Casos concretos aceleraram a mudança. A Uber passou a limitar o gasto de IA por funcionário em 1.500 dólares por mês depois de queimar o orçamento anual em quatro meses, e a Meta impôs teto ao consumo interno de tokens. A lógica do gaste primeiro e meça depois deixou de se sustentar.

A mudança marca o fim da era do gaste primeiro, meça depois: os custos por uso cresceram mais rápido do que o valor mensurável.

Análise reportada pela CNBC

As três alavancas que cortam a conta sem perder qualidade

A boa notícia é que dá para reduzir bastante o custo sem sacrificar o resultado. Equipes de produção relatam cortes de 60% a 80% na conta de IA combinando três técnicas, sem perda visível de qualidade.

TécnicaO que fazEfeito no custo
Roteamento de modelosUsa o modelo certo para cada tarefa, reservando os de fronteira para o que exige maisAlto
Cache de respostasReaproveita respostas de perguntas repetidasMédio a alto
BatchingAgrupa requisições semelhantes para processar em loteMédio
Imagem: Analytikos

O potencial de economia é grande porque cerca de 95% do uso corporativo de IA ainda roda em modelos de fronteira, mesmo quando a tarefa não exige. Só rever esse roteamento já libera folga no orçamento. É o mesmo princípio que discutimos ao tratar do custo real da IA.

Três alavancas para cortar a conta de IA: roteamento, cache e batching
Imagem: Analytikos

Modelos abertos e mais baratos ganham espaço

A pressão por eficiência também abriu porta para alternativas. A startup Lindy relatou ter cortado cerca de 90% do custo de inferência ao migrar de um modelo de fronteira para uma opção mais barata, com desempenho igual ou melhor nas tarefas centrais. É o cenário que já antecipávamos ao cobrir o avanço do DeepSeek V4.

Isso não significa abandonar os grandes modelos, e sim usá-los com critério. Tarefas críticas continuam pedindo o que há de melhor, enquanto o volume rotineiro pode rodar em modelos menores e mais econômicos.

Como aplicar isso na sua operação

Comece medindo. Sem visibilidade de onde os tokens são gastos, qualquer corte é chute. Ferramentas de controle já permitem provisionar usuários, ver métricas e definir limites por time e por pessoa, o que transforma a IA em uma despesa gerenciável como qualquer outra.

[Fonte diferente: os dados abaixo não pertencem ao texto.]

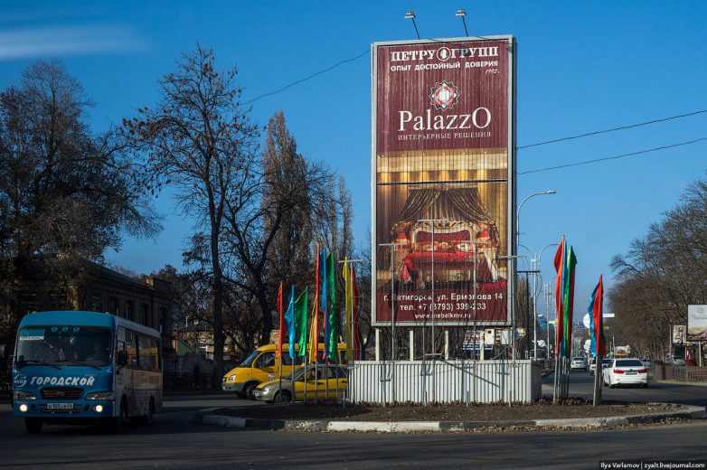 Соседнему зданию повезло меньше. Если в Пятигорске появляется возможность где-то разместить рекламу — эту возможность используют на 100%. Прямо Таймс-сквер.
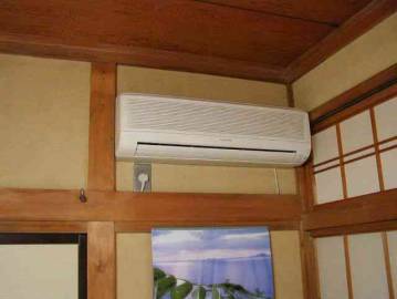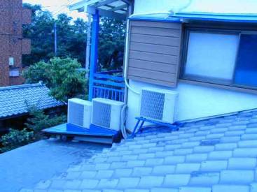 冷媒配管は1F天井裏を通り、1F屋根の室外機へ、ドレインは壁を下がり床下を通り外へでる
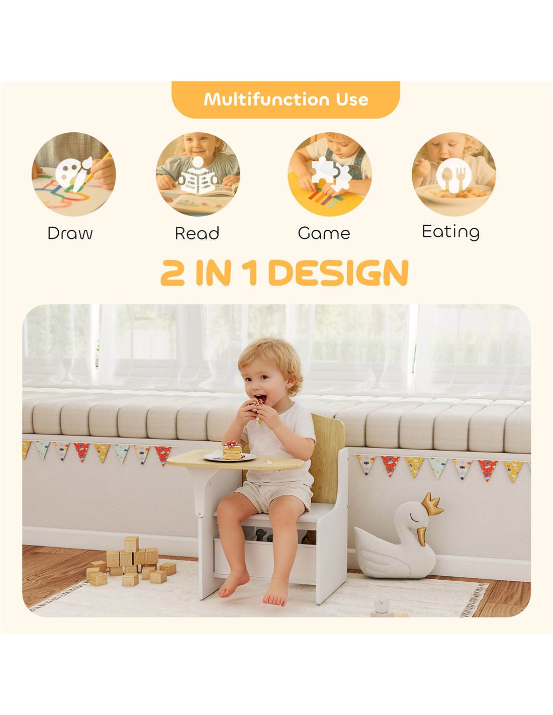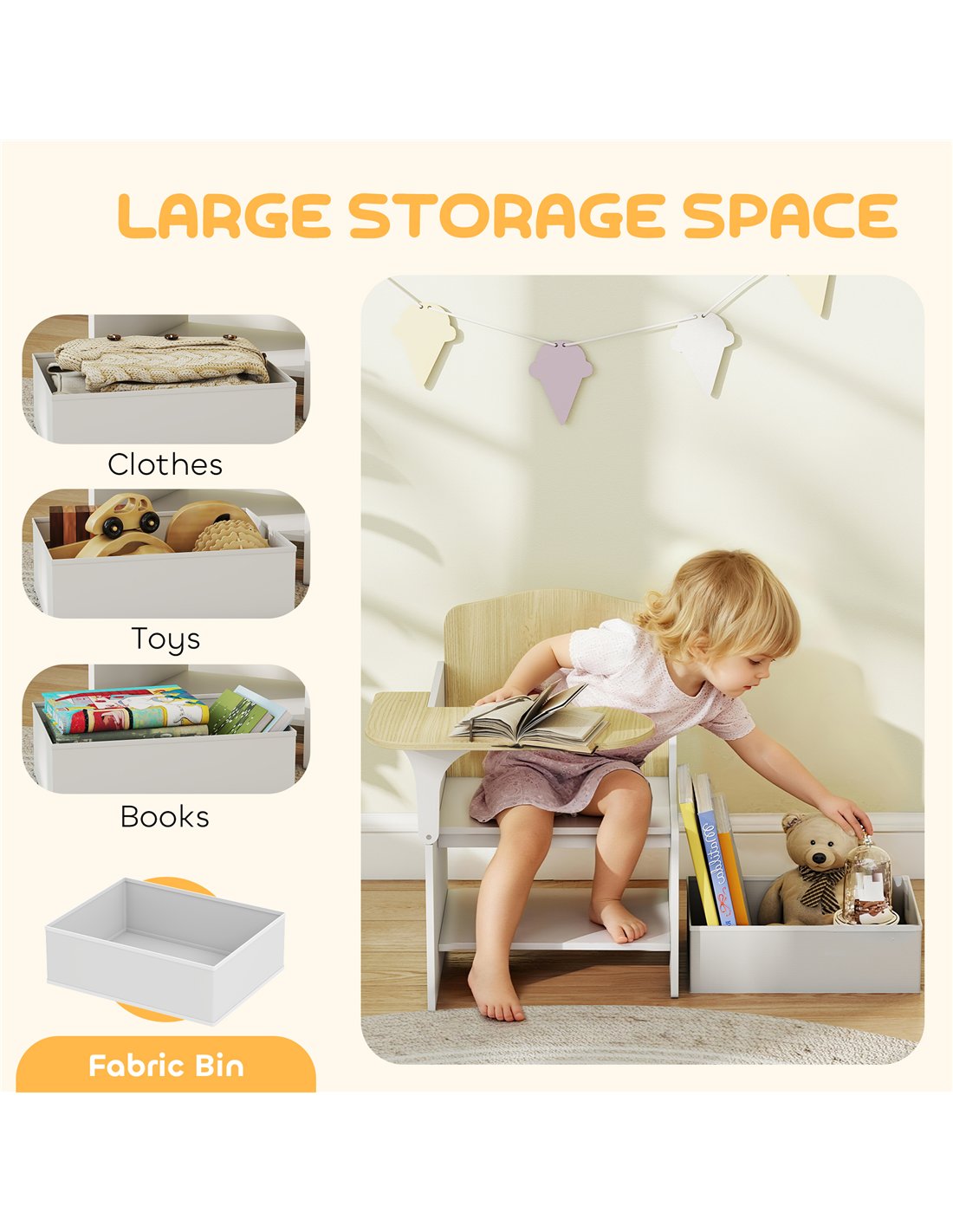 - Includes a storage box under the seat, promoting tidy-up habits

Depois, priorize as alavancas de maior impacto: reveja o roteamento, ligue o cache no que se repete e agrupe requisições quando possível. E mantenha o olho na qualidade, porque eficiência que degrada a experiência não é economia, é prejuízo, tema que também aparece quando falamos da confiabilidade dos agentes de IA.

Perguntas frequentes

O que é tokenmaxxing?

É a prática de maximizar o consumo de tokens de IA como se gastar mais fosse sinônimo de produtividade. Em 2026, a estratégia se mostrou cara e pouco eficaz.

Dá para reduzir o custo de IA sem perder qualidade?

Sim. Equipes de produção relatam cortes de 60% a 80% combinando roteamento de modelos, cache de respostas e batching, sem perda visível de qualidade.

Preciso trocar de fornecedor para economizar?

Nem sempre. Grande parte da economia vem de usar o modelo certo para cada tarefa e de controlar o consumo, antes mesmo de trocar de fornecedor.

Modelos abertos substituem os de fronteira?

Eles complementam. Tarefas críticas seguem pedindo os modelos mais capazes, enquanto o volume rotineiro pode rodar em opções mais baratas.

Por onde começar a cortar custos de IA?

Pela medição. Defina limites por time e por pessoa, entenda onde os tokens são gastos e depois aplique roteamento, cache e batching.